EMC calib accuracy for W program
My thoughts about necessary calibration accuracy for a successful W program at STAR
Endcap
Calibration accuracy
- towers : 5% absolute accuracy of reco electron energy of ET=40 GeV to see Jacobian peak for W+, see Fig 1.
- Pres1,pres2, post shower:
- 10% absolute calibration for energy deposit of few MIPs, energy deposit of few MeV , see Fig 2, 3.
- 100 MeV of energy deposit should be in the dynamic range of electronics.
- SMD 10% absolute calibration for electron energy of ET=40 GeV, to allow e/h discrimination, see Fig 4.
Suggestions/concerns:
- maintain 99%+ of live channels from all layers by annual fix of dead channels (Will, Jim great job over all those years!!!)
- commission (existing) high power laser light injection system allowing study of linearity up to 60 GeV ET, known problems:
- no interface to STAR trigger
- possible damaged high power optical cable
- slow control for remote operation of attenuator(s)
- develop new absolute calibration methods, may need dedicated trigger:
- electrons ET 3-4 GeV, eta [1-1.4] using TPC de/dx,
- rho+ decay to pi+ & pi0, use TPC for pi+ tracking
- J/Psi, upsilon reco at larger ET
- bumps in the di-jet cross section invariant mass at W & Z mass, @ pp 500 GeV
- process fine granularity timing scan of ETOW data from pp 2008 run to asses tower to tower gain sensitivity to crate timing
- abandon pi0 calib as primary method, too many year passed, use it for crosscheck
Barrel
Calibration accuracy:
- follow Endcap requirements
Suggestions/concerns:
- list of not functioning channels from all layers as of June 2008, list reasons if possible
- set HV for BTOW so all towers have hardware gains within +/-10% of ideal gains, max ADC @ ET=60 GeV
- verify BPRS mapping for all tiles, demonstrate MIP peak in every tail
- discuss optimal BSMD HV setting satisfying low energy probes (J/Ps, upsilon) and high energy e from W.
- develop offline QA for BSMD, BPRS peds and status tables.
Trigger in 2009
Use L2 HT.TP algo run over eta [-1.,+1.5] to tag events with 2x2 EMC ET>15 GeV and store those events in the separate daq stream "st_highEnergy" , for both 200 GeV & 500 GeV pp running. To be used for :
- calibration of B+E EMC with high energy electrons
- develop e/h discrimination algo based on private production of those events
Both tasks will be accomplished ~6 months faster if we keep those events separately.

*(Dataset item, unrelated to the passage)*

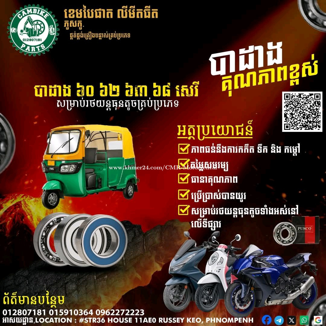 ❤️អតិថិជនជាទីគោរព!😊 សូមស្វាគមន៍មកកាន់💋 Cambike Parts ប្រសិនបើអ្នកទាំងអស់គ្នាចាប់អារម្មណ៍ទិញដុំ ឬរាយ ចំពោះប៉ាដាងម៉តូដែលមានសម្លេងស្ងាត់ រឹងម៉ាំ មិនសឹក( Low Noise Motorcycle Bearing Deep Groove Ball Bearing)ម៉ាក៖ PUSCO ⚙️ ល្បឿនលឿន ⚙️ ប្រើប្រាស់យឺនយូរ ⚙️ រឹងធន់ 📌ប្រភេទទំនិញ លក់រាយ: ✅ទំហំ 6201 តម្លៃ 1គ្រាប់ $1.25 ✅ទំហំ 6203 តម្លៃ 1 គ្រាប់ $1.75 ✅ទំហំ 6304 តម្លៃ 1 គ្រាប់ $2.25 💲ថ្លៃដឹកជញ្ជូន៖ 1/ តាមខេត្ត៖ តាមវិកយបត្រជាក់ស្តែង 2/ ភ្នំពេញ៖ មិនគិតថ្លៃសេវា 🧰 សូមអញ្ជើញមកពិនិត្យមើលទំនិញផ្ទាល់ ឬផ្ញើរទៅទីតាំងរបស់លោកអ្នកដើម្បីសាកល្បងគុណភាពមុនទិញបាន។ 👉ឈុតសម្រាប់ :🏍 ម៉ូតូ 🛻ឡាន🛴 ម៉ូតូ🛠 គ្រឿងម៉ាស៊ីន ⚙ម៉ាស៊ីនចំហេះខាងក្នុង 🚈🩼ស្នប់ 🎞គ្រឿងសំណង់ 🚜អេស្កាវ៉ាទ័រ🛺 ឧស្សាហកម្ម។ល។ 📱សូមទំនាក់ទំនង Tel: 012807xxxClick To Call, 015227xxxClick To Call, 015910xxxClick To Call,0962272xxxClick To Call😃😃 PUSCO TECHNOLOGY CO., LIMITED @ អ៊ីមែល៖ kos******@gmail.comClick To Sent Email @ Google Map: Cambike Auto Parts (PUSCO) https://goo.gl/maps/dNDm1VKYoUyMZ5uNA @ FB: https://www.facebook.com/profile.php?id=61563937470882&mibextid=ZbWKwL @ Telegram: @Cambike_Parts @ WhatsApp: 012807xxxClick To Call (Cambike Parts)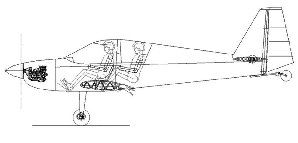 диапазон центровок двухместного самолета-тандема, пришлось вынести двигатель

2009 W-boson measurement at mid rapidity
Preparation for run , February 2009. Few months of work to prepare Barrel detector.
- BSMD
- verify data-based calibration
- lower HV , to reduce gain by a factor of 3 and achieve saturation at 30 GeV EM
- BPRS
- aim to see MIP peak at ADC=ped+20
- determine mapping
- determine gains using MIPs, TPC tracks
- BTOW
- set HV to achieve max ADC @ 60 GeV over all eta
- eliminate:
- to low HV on the East barrel
- to high HV at eta=+1, -1
- method: electrons, use BSMD, drop M-C dependence
Fig 1. Expected lepton yield from W +/- decay
Fig 2. Presh2 response to 30 GeV ET electron and pi+, X axis in GeV
Fig 3. Postshower response to 30 GeV ET electron and pi+, X axis in GeV
Fig 4. SMD energy sum for high pT electrons and QCD background jets
Fig 5. Dead material in front of trackers. Current SSD mass 14.95 kg with aluminum support structure (case 1), lighter SSD 11.35 kg with carbon based support structure (case 2)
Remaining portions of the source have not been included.